[Dataset extract Boundary: Start]

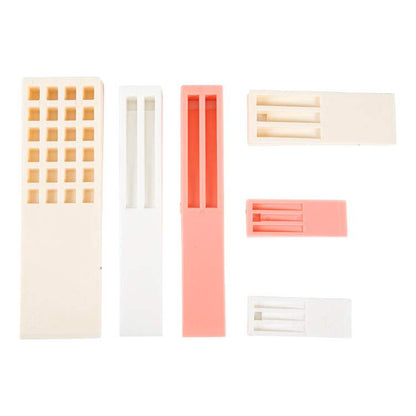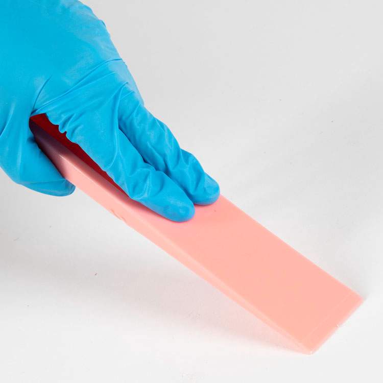 Wedges are made of soft polyethylene, so as to not damage the mold or the part. White wedges are more rigid in nature, the pink are slightly more flexible.
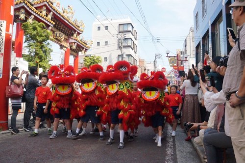 此次游行,橫濱山手中華學校陣容強大,不僅全校師生參與其中,學校家長會、校友會也踴躍報名,表演隊列包括獅子舞、舞龍、民族舞、扇子舞、腰鼓等。橫濱山手中華學校700多人的隊伍成為整場游行活動的主力。
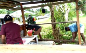 TOP-NEWS.id, NUMFOR – Babinsa Koramil 1708-05/Numfor Serda Baharum Herietrenggi membantu warga binaannya membangun pondok jualan milik Hendrik Rumbiak di Kampung Barkori, Distrik Numfor Timur, Kabupaten Biak Numfor, Papua, Rabu (11/2/2026).
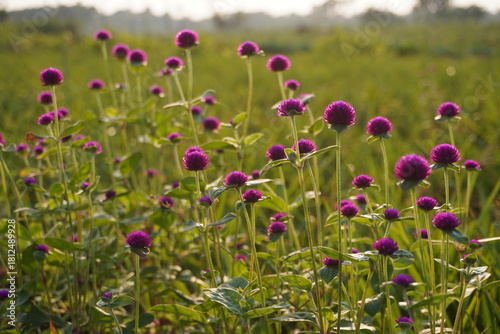 © DEBU, Naklejka premium Field of pink globe amaranth flowers blooming in green meadow at sunrise
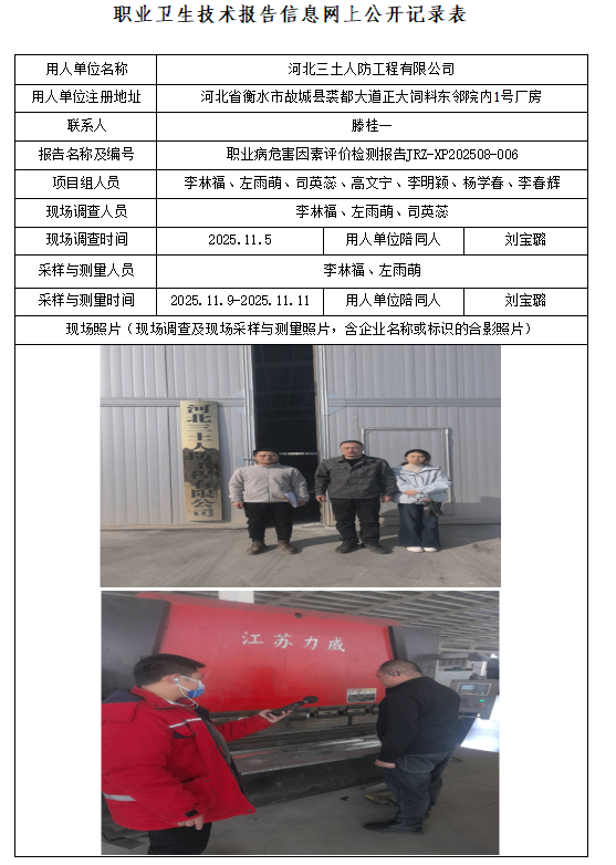 河北三土人防工程有限公司职业卫生技术报告信息网上公开记录表
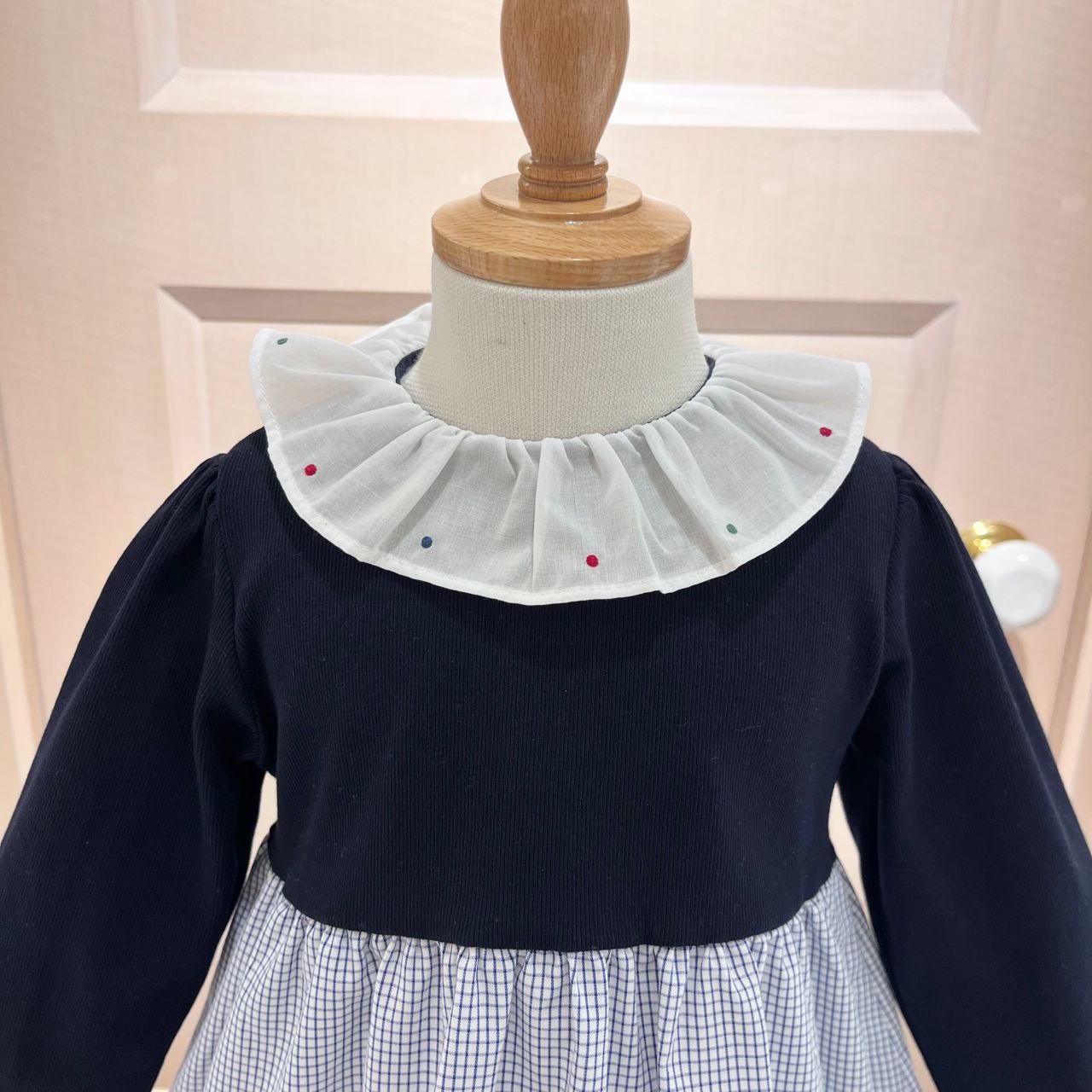 衿のフリルがお顔周りを華やかにみせてくれるワンピース♪
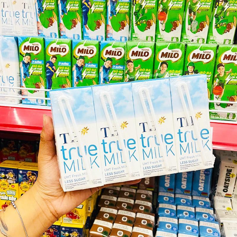Sữa Tươi Tiệt Trùng Ít Đường TH True Milk Lốc 4 Hộp Lớn (180ml/Hộp)
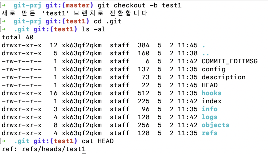 - .git/HEAD는 이제 ref: refs/heads/feature/* 로 변경되어 새로운 브랜치를 가리킵니다.
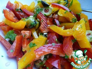 Добавить заправку к перцам, перемешать. Соль по вкусу.

[Dataset extract Boundary: End]

Using the material above, transcribe exactly the lines from the one holding "此次游行,橫濱山手中華學校陣" to the one holding "Sữa Tươi Tiệt", both ends kept. Do not carry over any pictures.

 此次游行,橫濱山手中華學校陣容強大,不僅全校師生參與其中,學校家長會、校友會也踴躍報名,表演隊列包括獅子舞、舞龍、民族舞、扇子舞、腰鼓等。橫濱山手中華學校700多人的隊伍成為整場游行活動的主力。
 TOP-NEWS.id, NUMFOR – Babinsa Koramil 1708-05/Numfor Serda Baharum Herietrenggi membantu warga binaannya membangun pondok jualan milik Hendrik Rumbiak di Kampung Barkori, Distrik Numfor Timur, Kabupaten Biak Numfor, Papua, Rabu (11/2/2026).
 © DEBU, Naklejka premium Field of pink globe amaranth flowers blooming in green meadow at sunrise
 河北三土人防工程有限公司职业卫生技术报告信息网上公开记录表
 衿のフリルがお顔周りを華やかにみせてくれるワンピース♪
Sữa Tươi Tiệt Trùng Ít Đường TH True Milk Lốc 4 Hộp Lớn (180ml/Hộp)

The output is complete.